Testnet Node Error Syncing Ledger

Hi All

I’m new to building Cardano nodes, but I work as an infrastructure engineer, so I I’m not completely inexperienced!

I have recently build a node on testnet, the build worked fine and I was able to connect and begin downloading the ledger. However during the sync, I received the following errors

cardano.node.DnsSubscription:Error:70] [2021-09-02 16:22:39.07 UTC] Domain: “relays-new.cardano-testnet.iohkdev.io” Application Exception: 3.9.80.183:3001 MuxError (MuxIOException writev: resource vanished (Broken pipe)) “(sendAll errored)”

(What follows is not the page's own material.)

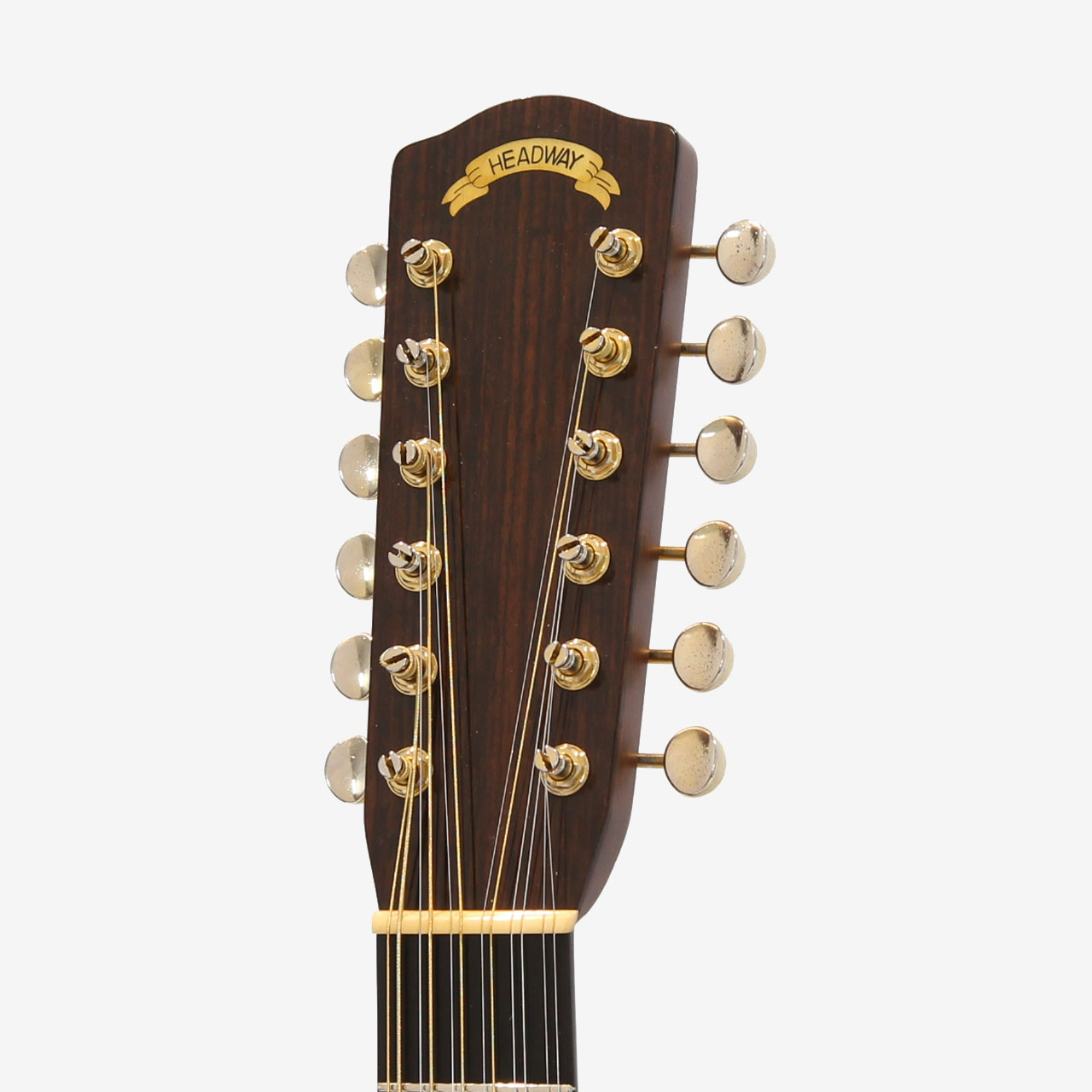 こちらのギターは80年代初頭の製造と思われるヘッドウェイのラインナップでも珍しい12弦ギター。 ドレッドノートシェイプにスプルーストップ、ローズウッドサイド&バック、マホガニーネック、エボニー指板&ブリッジ、47mmナット、628mmスケール。

[localhos:cardano.node.DnsSubscription:Error:2571] [2021-09-02 16:22:40.56 UTC] Domain: “relays-new.cardano-testnet.iohkdev.io” Application Exception: 3.129.133.68:3001 MuxError MuxBearerClosed “<socket: 27> closed when reading data, waiting on next header True”

[localhos:cardano.node.ErrorPolicy:Warning:53] [2021-09-02 16:22:40.56 UTC] IP 3.129.133.68:3001 ErrorPolicySuspendPeer (Just (ApplicationExceptionTrace (MuxError MuxBearerClosed “<socket: 27> closed when reading data, waiting on next header True”))) 20s 20s

When I stop the sync and restart it, I get the same errors. I have deleted the db and node.socket and started again, for the first little while the sync is fine, and then it will error.

any help would be really appreciated.

Version: 1.27.0
Linux: Ubuntu 18.04

I am having the same exact issue now. Same exact setup also, using Docker. I am thinking to find a new test relay server. Any ideas?

are there other testnet relays that can be used in the topology json file?

Ive tried other relays and get the same errors

Try to use IPs instead DNS name inside topology file

I am not sure if the relays are the issue. I just upgraded to 1.29, as I thought that was the issue, but after I cleaned DB and tried again and also got stuck at 99%. I am guessing if the relays were bad, I would not get to 1%. So it seems something else is causing me to stop at 99%. I see this issue has happened to a few people, but I am not sure at this time. Are there any cli commands that i can run to check on the health of the node other than liveview? In closing, this seems to have something to do with the Alonso fork.

journalctl -e -f -u cardano-node and check for errors

There are no errors showing in logs

I have rebuilt the node from scratch but this time in CentOS 8, currently syncing the ledger, will update if that works. Starting to think this is just related to the Alonzo update on testnet

I am going at this also, re-reading the docs and checking my scripts

also I am using Docker on windows, so I dont have journalctl, I just keep getting this message after I get synced at 99%.

ErrorPolicySuspendConsumer (Just (ConnectionExceptionTrace (SubscriberError {seType = SubscriberParallelConnectionCancelled, seMessage = "Parallel connection cancelled", seStack = []}))) 1s
ErrorPolicySuspendConsumer (Just (ConnectionExceptionTrace (SubscriberError {seType = SubscriberParallelConnectionCancelled, seMessage = "Parallel connection cancelled", seStack = []}))) 1s
ErrorPolicySuspendConsumer (Just (ConnectionExceptionTrace (SubscriberError {seType = SubscriberParallelConnectionCancelled, seMessage = "Parallel connection cancelled", seStack = []}))) 1s
ErrorPolicySuspendConsumer (Just (ConnectionExceptionTrace (SubscriberError {seType = SubscriberParallelConnectionCancelled, seMessage = "Parallel connection cancelled", seStack = []}))) 1s
ErrorPolicySuspendConsumer (Just (ConnectionExceptionTrace (SubscriberError {seType = SubscriberParallelConnectionCancelled, seMessage = "Parallel connection cancelled", seStack = []}))) 1s

I have updated to 1.29, got latest configs including Alonzo, cleaned DB and started fresh multiple times

Magically all is good in the world and I am synced again!

My mainnet node works fine - no issue with the sync.
I’m now trying the testnet config again - hopefully it has just started working like yours as well!